Friday, June 16, 2017

Reflections as I Move Closer to the Front of the Line

On one's birthday, I think it's appropriate to  consider not only where one has been but where one is going. To that end, as I turn 72 today, I share here a piece I recently wrote on that topic.

I went to a funeral today for a woman who was 105. She was born in 1911, the same year as my father. She was a beautiful soul whose warm smile lives on in memory.  It seems I’ve been to so many funerals lately. The connection between that fact and my upcoming birthday is not lost on me. 

Also I just finished Mark Doty’s book Dog Years, where I grieved vicariously the passing of his two beloved dogs: Beau and Arden. Throughout the book he refers to Emily Dickinson who also wrote a lot about death. Although all these passings make me sad, they do not depress me.

Old Ben Franklin was certainly right about the unavoidability of death, maybe taxes too, but then he hadn’t met our current president.

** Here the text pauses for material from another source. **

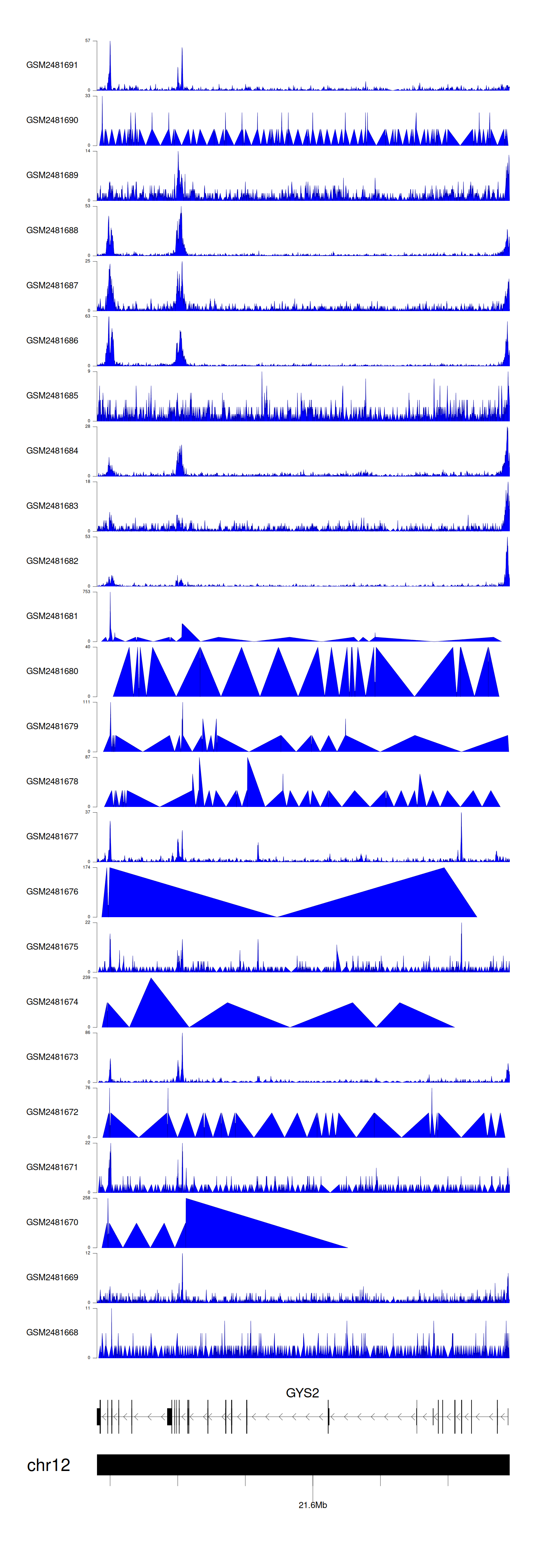 > Dataset: GSE94732 - GYS2 peak across samples

My own feelings about death have changed a lot over the years, and I expect they will continue to do so as I, in the words of my dear old friend Mrs. Sullivan, move closer to the front of the line.

The first death of anyone close to me was that of my grandmother when I was four. I didn’t really understand the concept. I do remember my parents took me to the funeral parlor to see her. The last time I had seen her she was sick and had all sorts of tubes and machines around her. My parents wanted me to see that she was at peace. I saw that, but what it all meant remained a mystery. Sixty-eight years later it’s still a mystery, just a deeper one.

When my grandfather died when I was eight, I was aware of what it meant, and I was very sad to lose this man who had been such a gentle, caring presence in my life. I think at the time I was comforted by the idea that he and my grandmother were in heaven, whatever that concept meant to me at the time.

I don’t think I ever had a concrete image of heaven, not like Catholic friends I met in college who explained that they had been taught that heaven was like a football field where good Catholics got to sit on the 50-yard line. Protestants, it was assumed, were high up in the bleachers. Hell was a concept I never thought about or believed.

The older I get, the more and more it all resolves into mystery. What I do know is that at two times when I have been very close to someone on the verge of dying, I was filled with a sense of awe at the wonder of it all—life, death, time, all of it. I remember being with my friend Jack just hours before he died, then just after he had passed, and I wondered aloud, where is he? The body was still there, but his essence was gone. Where had his humor, his sarcasm, his love for Betty Grable, his anger, his passion for social justice, where had it all gone?

The Celts talk about thin places where the shade between this world and the next is so sheer we might almost see through, but not quite. That’s how I felt later that year when visiting a church member who also was near death. It was Christmas time, and we had come to carol to her, and as weak as she was, she mouthed the words to “Silent Night” along with us. Such a thin, fragile moment. I can’t say I saw God then, but I felt something beyond this earthly reality.


We went to visit the sick ones
to bring them a bit of Christmas.
Jenny was our final stop

we sang familiar songs of Christmas
of birth and life and expectation.

She lay on her bed, barely moving,
oxygen being pumped into her nostrils
her eyes tiny slits.

It seemed the ultimate irony
to celebrate the messiah's arrival
as she was preparing to die.

yet we sang of the shepherds'
call to not be afraid
on that oh so silent night

and softly from the bed
came a frail voice mouthing
sleep in heavenly peace.
sleep in heavenly peace.



As far as my own death is concerned, I am not anticipating it, but I hope when the time comes, my body will be recycled into the garden, and as for the rest of me, I’m content to let that remain part of the mystery.